Accretive Health, one of the nation’s largest collectors of medical debt, has agreed to pay $2.5 million to the Minnesota state attorney general’s office to settle accusations that it violated a federal law requiring hospitals to provide emergency care, even if patients cannot afford to pay.
The company has not admitted wrongdoing.
As part of Monday’s settlement, Accretive Health is also banned from contracting with hospitals within the state for at least two years, effectively ending its business at three Minnesota hospitals. For four years after that, the company will have to obtain permission from the attorney general before resuming business in the state.
In April, Lori Swanson, the Minnesota attorney general, disclosed hundreds of Accretive’s internal documents that outlined aggressive collection tactics, including embedding debt collectors as employees in emergency rooms and pressuring patients to pay before receiving treatment.
“A hospital emergency room should be a sanctuary for the sick and wounded, not a hunting ground for collectors,’’ Swanson said Monday.
The settlement will end a civil suit against Accretive, which Swanson filed in January after a laptop with patient information was stolen, saying that the company had violated debt collection laws and patient privacy protections.
“Even though we believe the claims against us were either baseless or exaggerated, we have used this opportunity to carefully examine our own practices in order to ensure we are setting the very highest standards for our own performance and achieving the best possible outcomes for hospitals, patients and communities,’’ said Mary Tolan, Accretive Health’s chief executive.
The revelations in Minnesota reverberated across the country because they raised concerns that such aggressive debt collection practices have become common at hospitals. Accretive Health contracts with hospitals to help them recoup some money on the unpaid bills that have piled up during the financial crisis and the economic downturn. The company contracts with some of the largest hospital systems in the country.

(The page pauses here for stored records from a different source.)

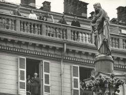 Acquisto foto "Folla alle finestre durante la visita del papa"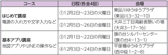 申込み:11月4日(火)(必着)までに、電話かはがき、FAXで希望番号、会場名、住所、氏名(ふりがな)、年齢、電話番号を品川区スマホ体験教室・よろず相談事務局(〒351-0101 埼玉県和光市白子1-3-40-4階【電話】0120-616-614〔土・日曜日、祝日を除く午前9時~午後5時〕【FAX】048-461-8486)へ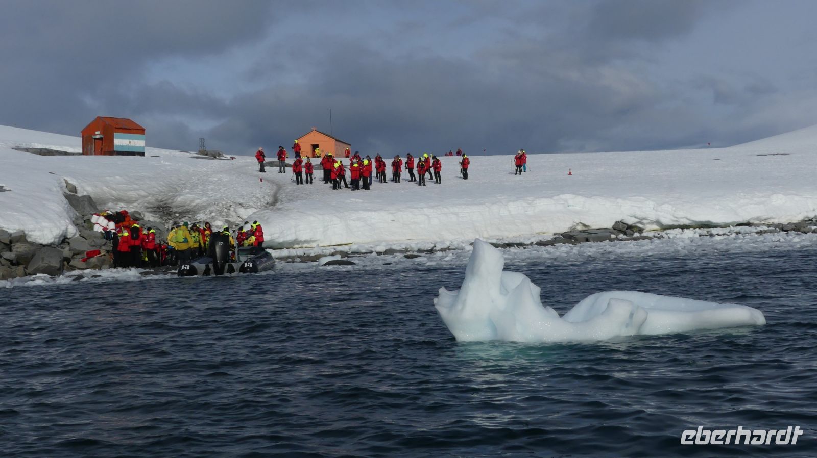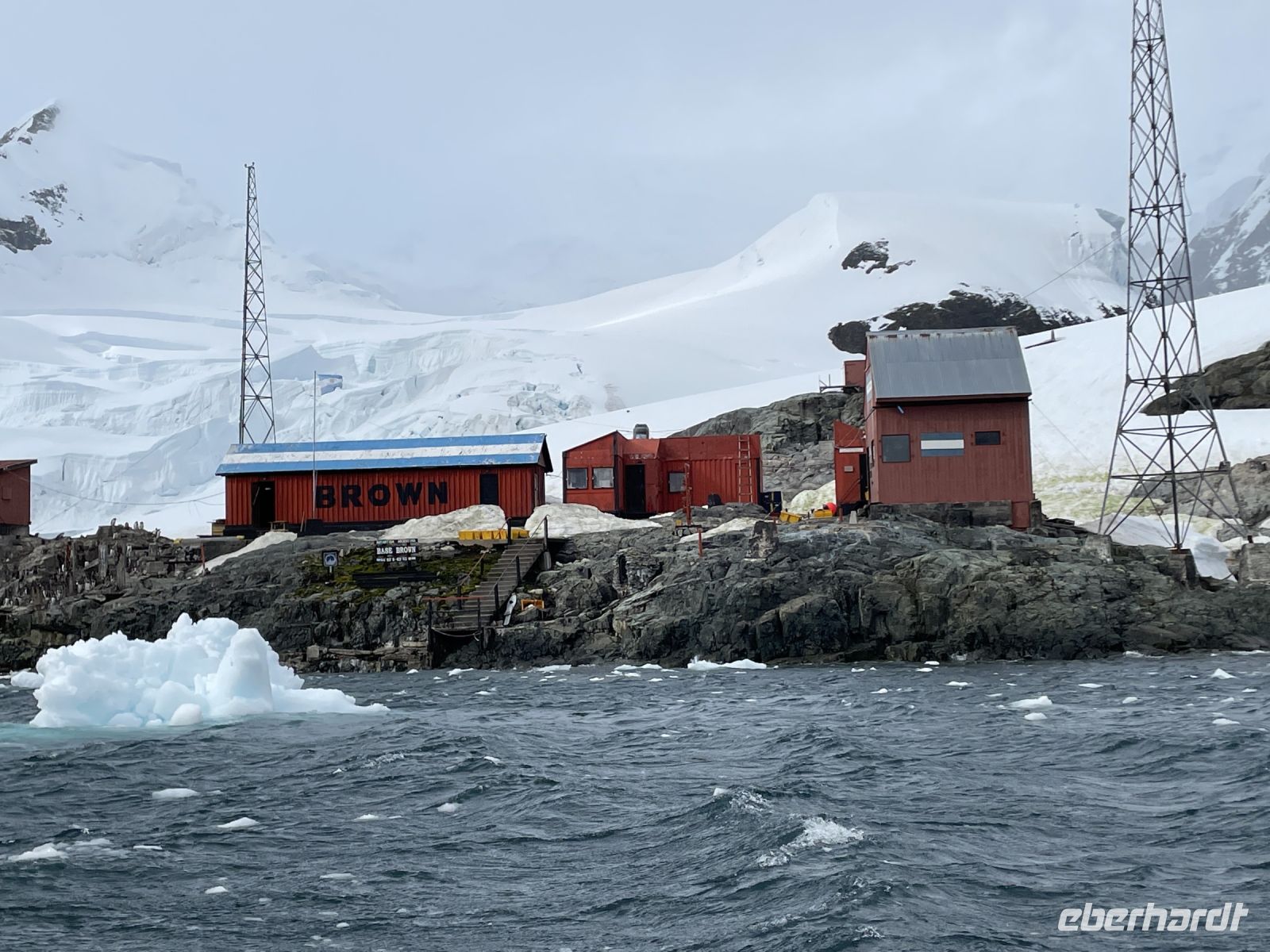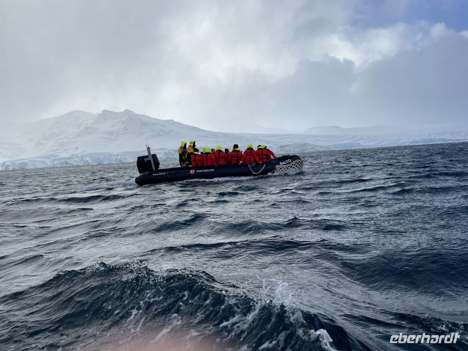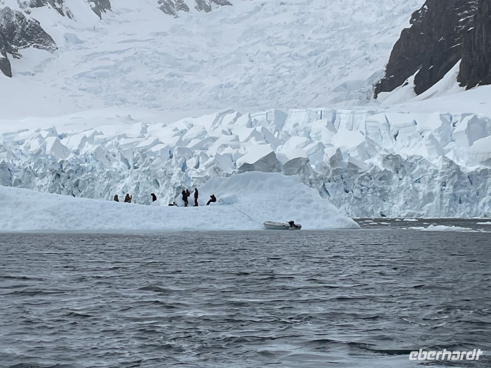 Für unseren neunten Tag steht nach dem Frühstück die eindrucksvolle Bootsfahrt zwischen Eisbergen und Eisschollen in der Skontorp Cove auf dem Programm. Wir sind etwa 40 Minuten unterwegs und sehen Eisberge, Eisschollen und die argentinische Forschungsstation Brown Station. Zudem sichten wir ein Filmteam mit einem Piano auf einer Eisscholle… wer weiß was hier gedreht wird. Bei den Bootsfahrten muss man sich besonders warm anziehen. Drei Kleidungsschichten und 2 Jacken, zudem Mütze, Schal und Handschuhe… denn der Wind zieht auf den längeren Bootsfahrten besonders kräftig. Da fühlen sich -2 Grad an wie -15 Grad. Nach der ausgiebigen Bootsfahrt mit Expeditionsleiterin Carina, geht es wieder zurück zum Schiff.

Representative Pete Stark, Democrat of California, who is the highest ranking member of the House subcommittee that oversees Medicare and other health services, led an investigation in March into the company’s practices.
Hospitals have long hired outside collection agencies to pursue patients after they have left facilities. But mounting financial pressures on health care providers have resulted in hospitals letting collection firms in the front door, turning over the management of their staffing, like patient registration and scheduling, along with their collection activities, according to Swanson.
As more hospitals contract with debt collectors, concerns are growing that cozy relationships will threaten patient privacy, according to Anthony Wright, executive director of Health Access California, a consumer advocacy coalition.
For their part, hospitals say that they are in a tough place. The more than 5,000 community hospitals in the United States provided $39.3 billion in uncompensated care in 2010, up 16 percent from 2007, the American Hospital Association, a trade group said.